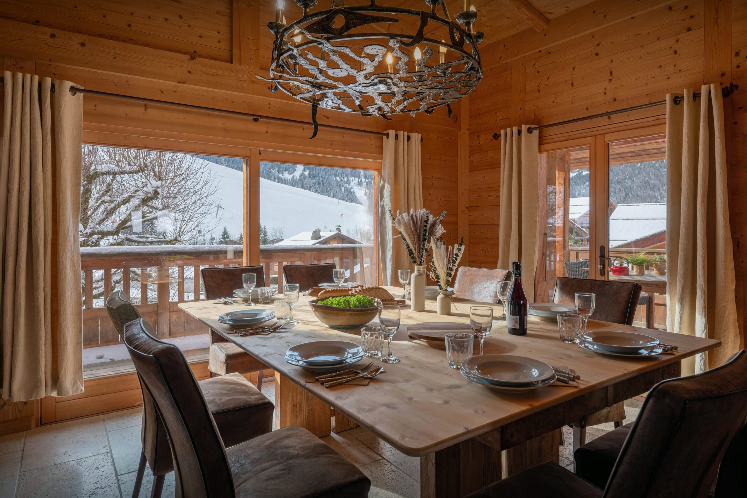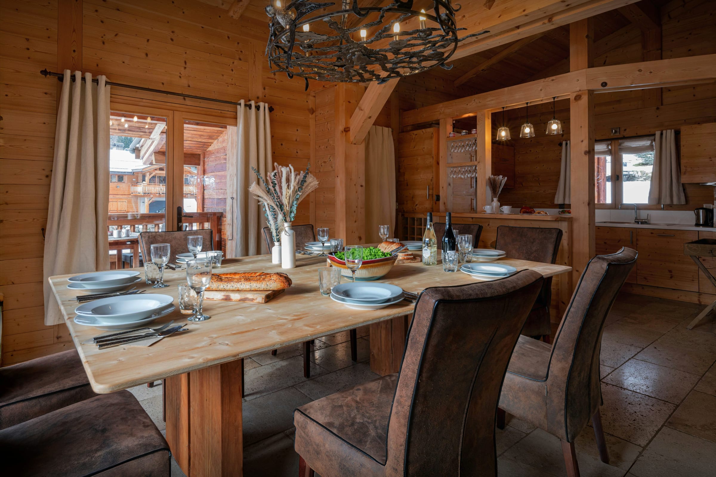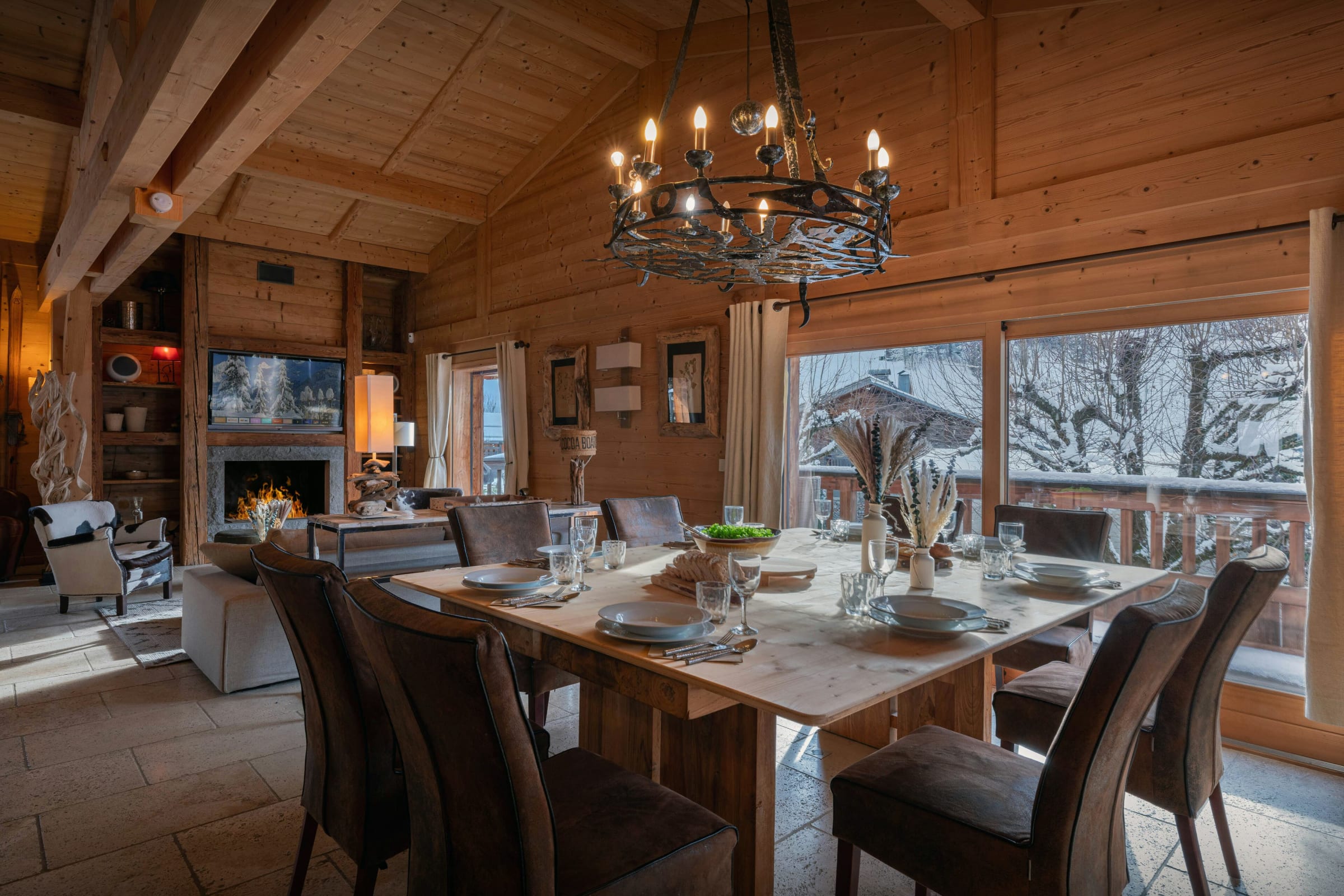 The open-plan kitchen has everything you need to cook tasty meals, which you can enjoy at the dining table. On sunny days, head out to the south-facing terrace, where a second table lets you enjoy al fresco meals overlooking the garden and the peaks of the Aravis mountains.
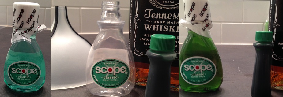 I bought a couple bottles of mouthwash and dumped the contents down the drain. I rinsed them out a few times with hot water, then filled them 9/10s full of Jack Daniels and added a single drop of green food coloring. Put the caps back on, gave the bottle a quick shake, and it’s mouthwash you don’t want to spit out.
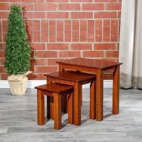 - The three tables nest beautifully or can be used separately. They are functional as well as beautiful by providing a lot of table space without taking up a lot of room. The medium and small table stack completely under the large table or can be staggered to add extra display space. They are perfect for any room..
::::::::::
Work instructions: Without including any pictures, reproduce the data exactly.

Task solution:
 The open-plan kitchen has everything you need to cook tasty meals, which you can enjoy at the dining table. On sunny days, head out to the south-facing terrace, where a second table lets you enjoy al fresco meals overlooking the garden and the peaks of the Aravis mountains.
 I bought a couple bottles of mouthwash and dumped the contents down the drain. I rinsed them out a few times with hot water, then filled them 9/10s full of Jack Daniels and added a single drop of green food coloring. Put the caps back on, gave the bottle a quick shake, and it’s mouthwash you don’t want to spit out.
 - The three tables nest beautifully or can be used separately. They are functional as well as beautiful by providing a lot of table space without taking up a lot of room. The medium and small table stack completely under the large table or can be staggered to add extra display space. They are perfect for any room..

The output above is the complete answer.